Et pour accentuer encore l’impact du modèle, en 2001, Nike produit enfin le modèle dans des pointures dédiées à la gent féminine.

Alors que jusque-là les Air Force 1 n’existaient qu’à partir de la pointure 39, le modèle descend dorénavant jusqu’au 35, de quoi toucher et conquérir un public encore plus large.

Coté sportif, si Rasheed Wallace continue à porter le modèle en NBA jusqu’à l’issue de la saison 2012-2013, le modèle a été dépassé par des paires plus légères, plus souples, et plus performantes. La Air Force 1 est devenu un vrai modèle lifestyle, et Nike le sait bien. Les couleurs, les matières et les formes s’enchainent, tout comme les collaborations avec les plus grandes marques. Louis Vuitton, Supreme, Playstation, Colette, Off-White, toutes se sont essayer à produire leur modèle de Air Force 1, et on passera le cas de Bape, ou la Bapesta est une copie presque conforme du modèle au swoosh.

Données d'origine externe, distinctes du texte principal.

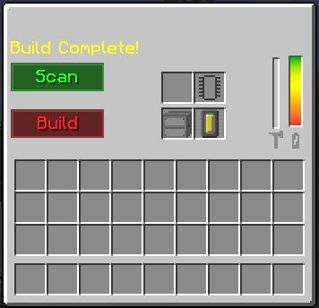 You can now assemble your space station section into a module. In the space station assembler, place a satellite bay in the top left slot. If this is your first space station module, place a blank space station ID chip in the top right slot. If this is a module to an existing space station, place a programmed space station ID chip to the existing space station in the top left slot. WARNING: When you click build, the programmed space station ID chip will be consumed. Be sure you have followed Step 7 below to make a copy. When you are ready, press "Scan" and then press "Build". WARNING: Once you press build there is no going back! Any blocks currently in the scan will be removed permanently and placed in the space station container. As you can see in the picture, once the assembly is complete you will receive a space station container and if this is your first module, a programmed space station ID chip.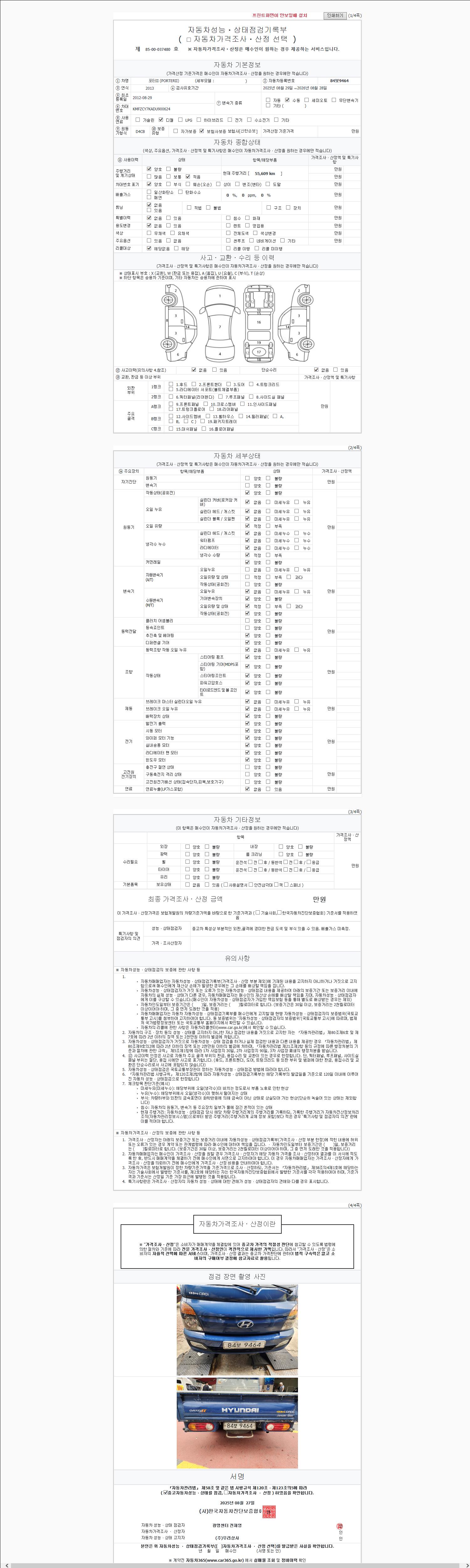 | 주행거리 | 55,609 km | 차량번호 | 84보9464 |

En 2012, pour les 30 ans de la Air Force 1, Thibaut de Longeville, réalisateur et entrepreneur Français, réalise un documentaire d’une vingtaine de minutes sur l’histoire du modèle, faisant passer devant sa caméra les Three Amigos, ou encore le DJ Clark Kent, dont l’histoire raconte qu’il possède plus de 6000 paires de Air Force, le documentaire expliquant comment le modèle s’est imposé à Philadelphie, puis Baltimore, avant de devenir une référence notamment à Harlem.

En 2017, pour célébrer les 35 ans du modèle, c’est Virgil Abloh qui réalisera une collection, « The Ten », ou le créateur revisite le modèle en y ajoutant des accessoires et en retravaillant le swoosh massif latéral, marque de fabrique de cette paire.

En 2022, nous arrivons donc aux 40 ans du modèle, mais les retards de production liés au covid laissent à craindre qu’on ne puisse profiter pleinement de ce que Nike nous avait préparé.

Quelques histoires autour de la légende de la Air Force

Pour terminer, voici quelques histoires autour du mythe de la Air Force. Si vous en avez une paire, ou plusieurs, vous avez surement remarqué ce petit morceau métallique sur le bas de vos lacets. Cet ustensile, purement décoratif, est appelé un « Deubré ». Il est apparu sur la paire en 1994, imaginé par le designer Damon Clegg, et son nom s’inspire du mot « doobrie », que l’on pourrait traduire par « truc » dans le dialecte de Glasgow parlé par le designer. A noter que ce Deubré n’est pas présent sur les modèles pour enfant, puisqu’il a été considéré comme dangereux et susceptible d’être avalé par les plus jeunes.

D’après les rares chiffres donnés par Nike, depuis 1982, entre les versions hautes, mid, low, les dérivées comme les Fontanka, ou les Shadow, il existe plus de 2000 versions de la Air Force 1, sans compter toutes celles qu’il est possible de créer via le programme Nike Id. En 40 ans d’existence, ça représente environ 50 coloris par an. Rien que ça.

Un chiffre incroyable pour finir, selon les estimations, Nike vend en moyenne pour 800 millions de dollars de Air Force 1 chaque année. En supposant que ce chiffre reste constant, après 40 ans d’existence, la paire aura donc généré 32 milliards de revenus pour Nike.

Pas mal pour un modèle qui ne devait exister que deux ans.